Maybe clients and roles (and groups?) shouldn't be loaded eagerly with 
realm, but I guess most of the other stuff can be (ie. federation 
providers, identity providers, SMTP configurations etc). Also for 
clients we can eagerly load most of the stuff (ie. redirectUris, scopes 
). ATM we eagerly preload whole realm in CachedRealm constructor, but we 
have fetchType.LAZY everywhere. IMO this is not optimal and would mean 
lot of SQL at startup during realm preload (I did not doublecheck myself).

Marek

>
> Another thing in the future we should separate clients out into a 
> separate store. There could be thousands of clients or even more.

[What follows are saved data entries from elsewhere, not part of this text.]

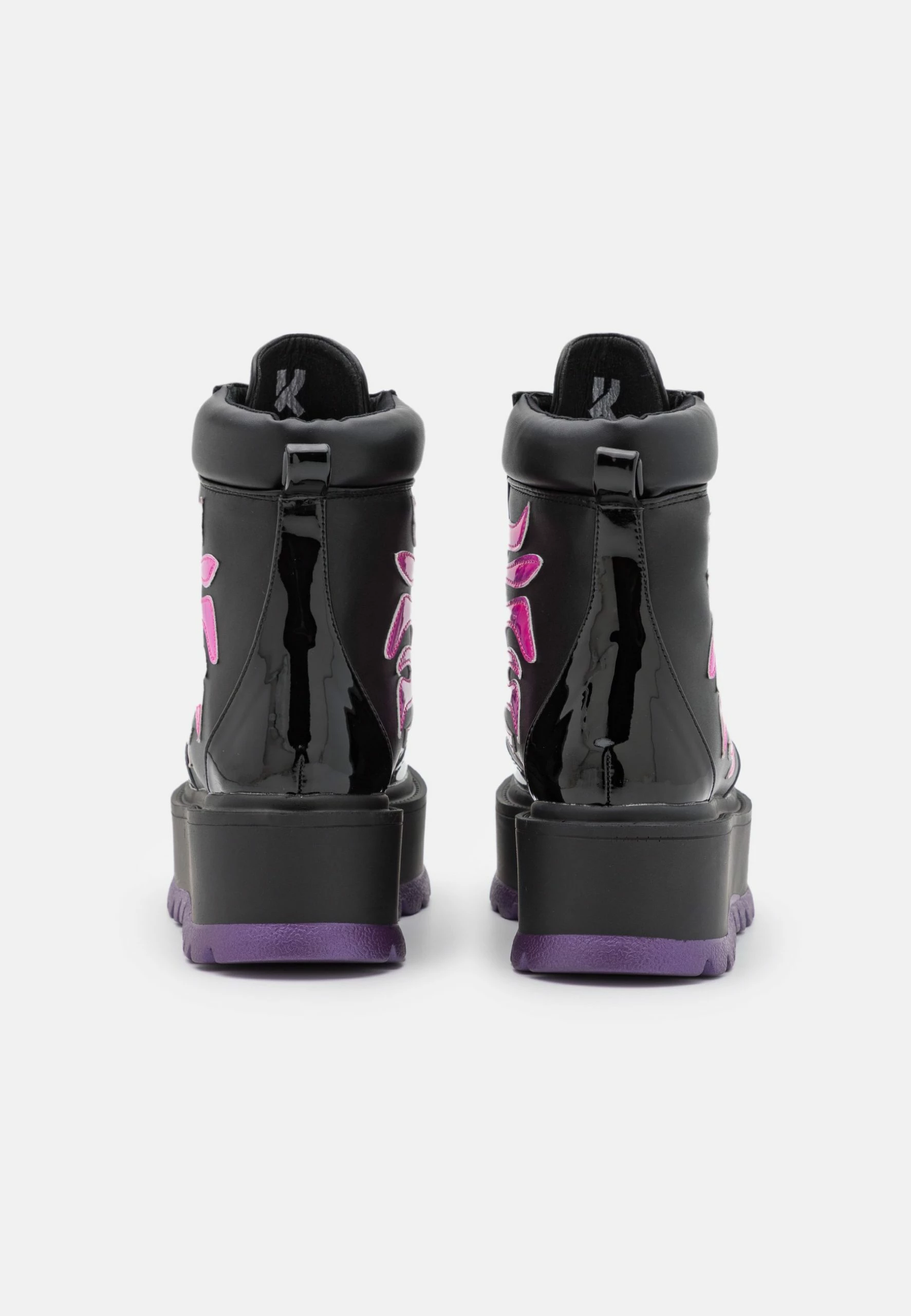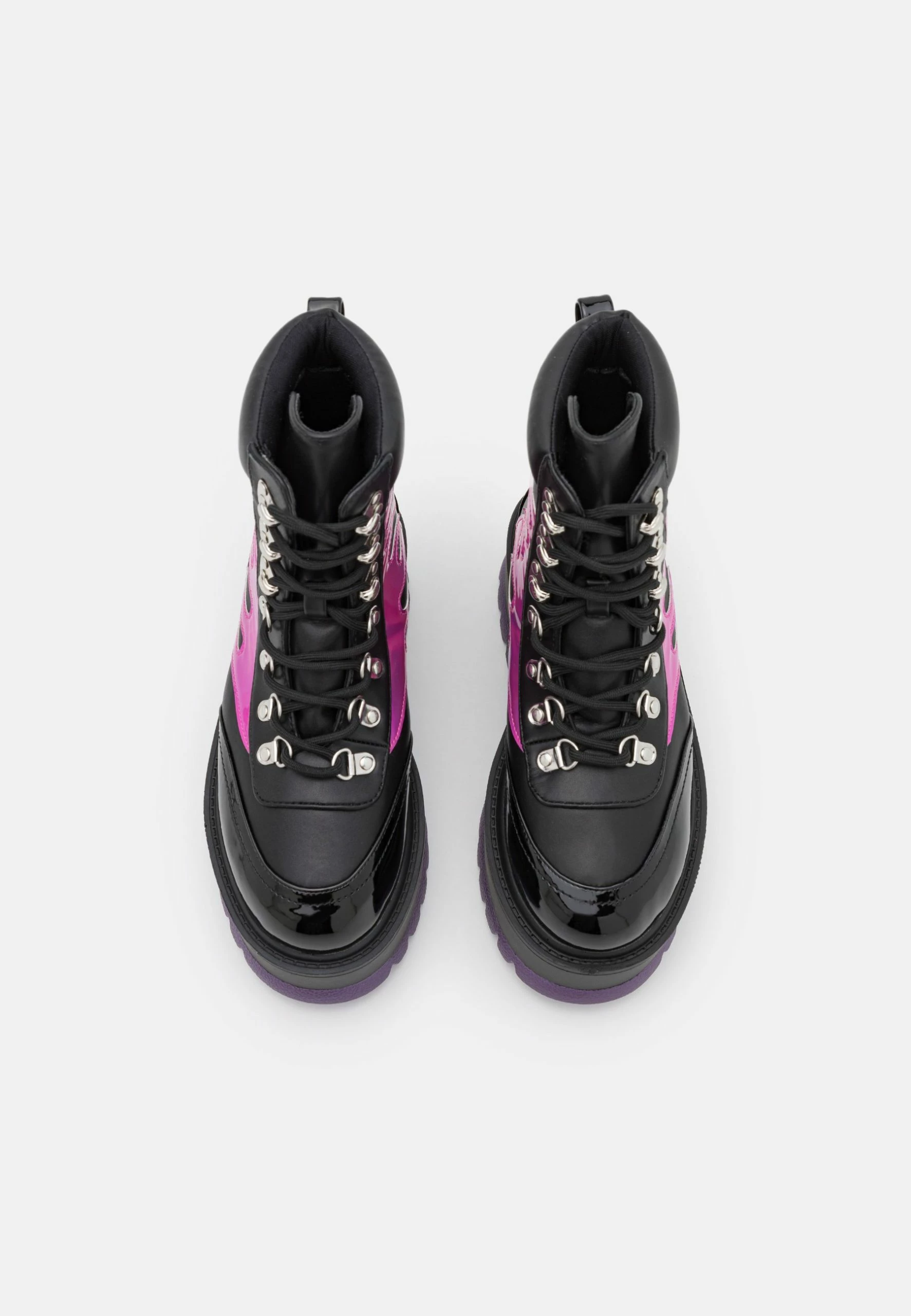 KOI FOOTWEAR Helios Hologram Flame Boots – Platform Ankle Boots – Purple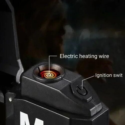 Product Name: Strong Light Electric Lighter Material: ABS+zinc alloy Battery: Polymer rechargeable battery Weight: 56g Size: 74 * 49 * 17mm Charging: Type-C Function: Flood light+electric heating lighter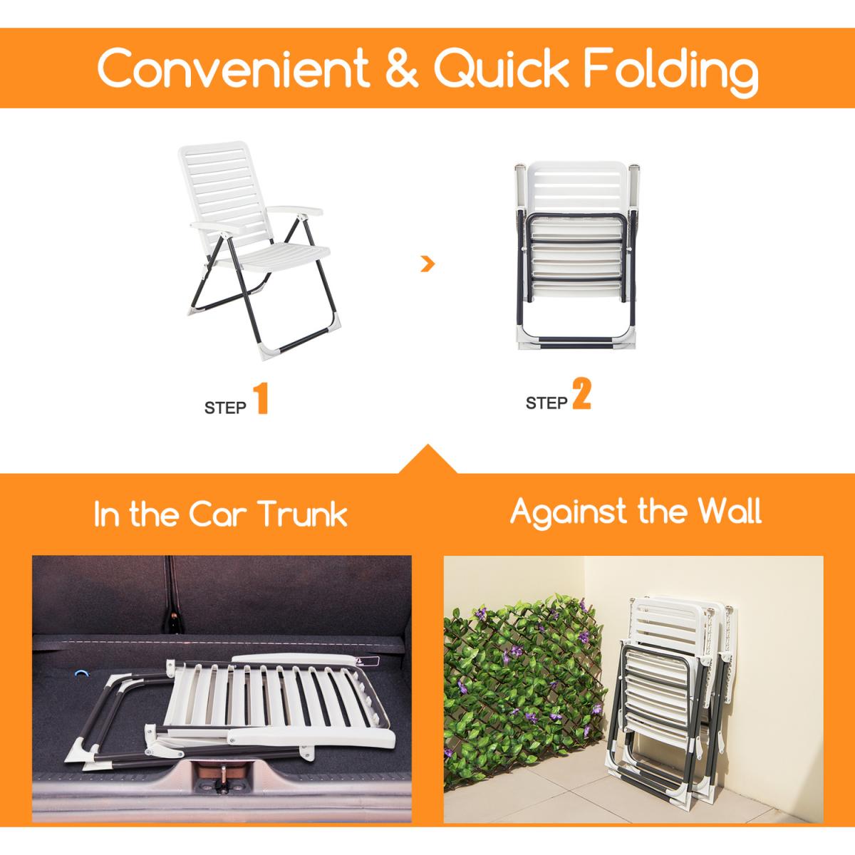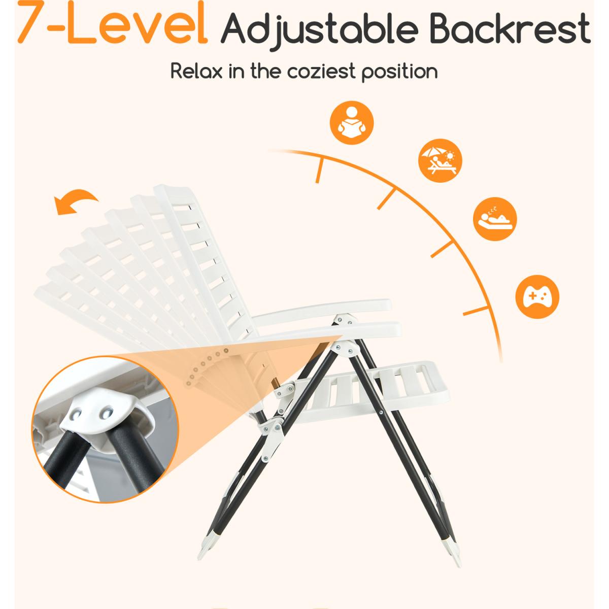 This folding reclining chair offers you a perfect place to relax outdoors. The backrest of the chair can be adjusted into 7 different positions, satisfying your different demands for relaxation. And the high-backrest design provides you with more coziness. What's more, this patio chair can withstand long-time outdoor use with weatherproof PP and rustproof metal frame. When not in use, the chair can be quickly folded for easy carrying and space-saving storage. All in all, this outdoor folding chair will make you more relaxed in various outdoor activities.

So 
> they should be treated in a similar fashion to users. Does that have 
> impact on how we improve/refactor/fix caching now?
>
> On 17 February 2016 at 21:56, Bill Burke <bburke at redhat.com 
> <mailto:bburke at redhat.com>> wrote:
>
>
>
>     On 2/17/2016 3:09 PM, Marek Posolda wrote:
>>     On 17/02/16 18:11, Bill Burke wrote:
>>>     Currently, adding or deleting a client, or updating a realm causes
>>>     invalidation/eviction of the realm and all clients in that realm. To
>>>     make matters worse, the next time the realm is accessed, it queries and
>>>     loads each client and its relationships.  Why do we do this?  When a
>>>     realm invalidation happens, the cache has no idea if the realm is just
>>>     being updated or removed entirely from the DB. With a realm removal, you
>>>     also need to evict the cache of all clients within the realm.  So, a
>>>     cached realm MUST have a list of all clients within it.  As a result,
>>>     the more clients that get added, keycloak gets slower and slower.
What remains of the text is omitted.